Studies were conducted to determine whether interactions occur among dietary lysine, arginine and monovalent minerals in rainbow trout. In one experiment, rainbow trout fingerlings were fed diets containing three levels of lysine (2.4, 3.1 and 3.8 g per 100 g diet), two levels of arginine (1.7 and 2.5 g per 100 g diet) and two mixtures of Na+ K+ and Cl in a 3×2×2 factorial design. The mixtures varied in the proportions of cations to anions such that Cl equalled the sum of Na+ and K+ (cations − anions = 0 mEq/kg diet) in one mixture and exceeded the sum of Na+ and K+ (cations − anions = −200 mEq/kg diet) in the second mixture. Growth and efficiency of feed conversion were not affected by dietary lysine and arginine in fish fed diets containing − 200 mEq/kg balance, but when fish were fed diets containing a 0 mEq/kg balance, 3.8% lysine and a combination of 3.1% lysine and 2.5% arginine depressed both measures of response. Trout receiving the 0 mEq/kg cation-anion balance had significantly higher free histidine concentrations and lower free lysine concentrations in muscle and higher hepatic arginase activity (P≤0.01) than those receiving −200 mEq/kg. In another experiment, trout were fed diets containing three levels of K+ (21, 191 and 360 mEq/kg), two levels of Na+ (21 and 191 mEq/kg) and two levels of Cl (179 and 347 mEq/kg) in a 3×2×2 factorial design. Growth and efficiency of feed conversion were depressed and hepatosomatic index increased with higher levels of dietary K+ (P≤0.01), Na+ (P≤0.05) and Cl (P≤0.01), with significant K+ x Cl+ (P≤0.01) and K+ x Na+ x Cl (P≤0.05) interactions. Increasing dietary K+ resulted in increased levels of muscle free histidine and decreased levels of muscle free lysine and arginine (P≤0.01), while increasing dietary Cl increased muscle free lysine, the effect of which was dependent on dietary potassium (K+ x Cl, P≤0.01).

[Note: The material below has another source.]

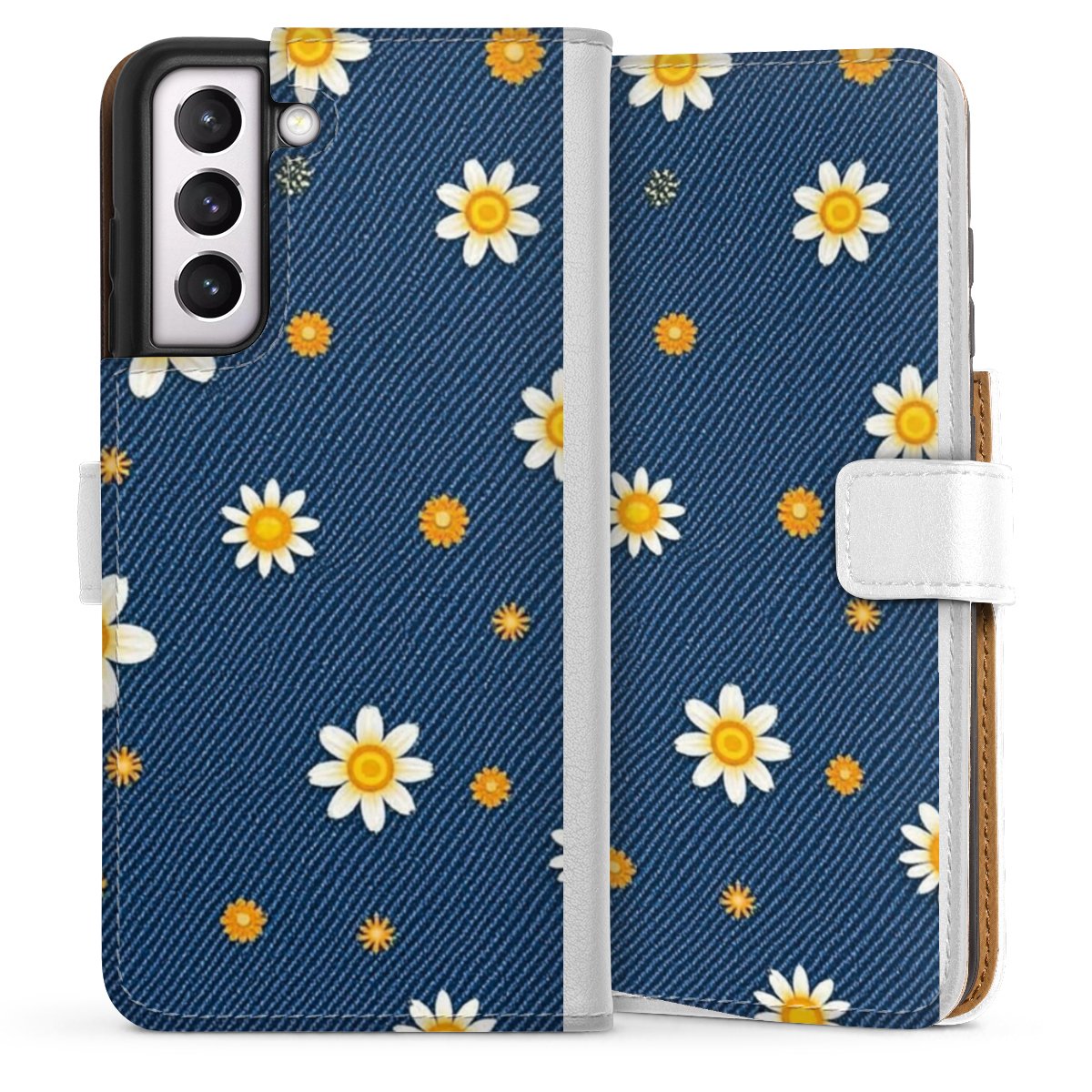 For our Sideflip Case we are using our advanced direct printing technology. The back and frontside are fully printabale, the inside of the phone bag is left unprinted. You can order the phone case without print, printed completely or also with a partial print.

It is concluded that dietary levels of K+, Na+ and Cl, irrespective of overall cation-anion balance of these minerals, affects growth rate, efficiency of feed utilization and the metabolism of basic amino acids in tissues of trout. Excess lysine causes depressed growth and efficiency of feed utilization. These effects were due to a lysine toxicity rather than a lysine-arginine antagonism, as they were not prevented by supplemental dietary arginine.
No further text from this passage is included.